Step 3: Transform Data to Elasticsearch Format
Once you have the data from Genesys, transform it into a format suitable for Elasticsearch. This typically involves converting data into JSON objects as Elasticsearch primarily indexes JSON documents. During this step, map the fields from the Genesys data to the corresponding fields in your Elasticsearch index, ensuring data types and structures are compatible.
Step 4: Set Up Elasticsearch Index
Create an index in Elasticsearch where the data will be stored. Define the index mappings to specify the structure of the data, including field types and any specific indexing options. This step is crucial as it ensures that the data is stored efficiently and is easily searchable.

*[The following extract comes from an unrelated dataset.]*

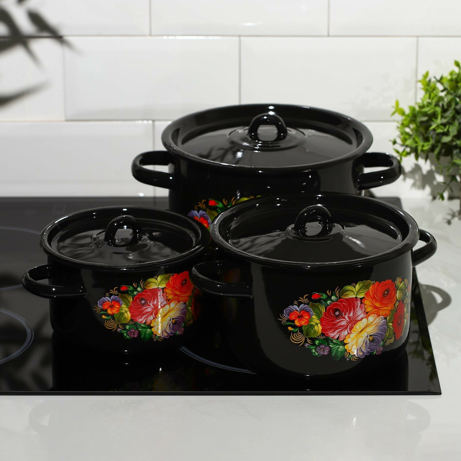 Набор кастрюль «Жостово», 3 предмета: 1,5 л, 2,9 л, 4,5 л, эмалированные крышки, индукция

Step 5: Authenticate and Connect to Elasticsearch
Establish a secure connection to your Elasticsearch instance. This involves setting up authentication, which may include using API keys, OAuth tokens, or basic authentication depending on your Elasticsearch configuration. Ensure that the connection is secure, especially if Elasticsearch is hosted on a remote server.
Step 6: Load Data into Elasticsearch
Use Elasticsearch's bulk API to efficiently load the transformed Genesys data into your Elasticsearch index. The bulk API can handle large volumes of data in a single request, which reduces overhead and improves throughput. Prepare your data in the bulk API format, with each action (index, create, delete, update) specified before the corresponding data payload.
Step 7: Verify Data Integrity and Monitor
After loading the data, verify that it has been indexed correctly by performing sample searches and checks within Elasticsearch. Ensure that all data fields are correctly mapped and searchable. Set up monitoring to track the performance and health of your Elasticsearch cluster, and schedule regular checks to ensure ongoing data integrity and synchronization between Genesys and Elasticsearch.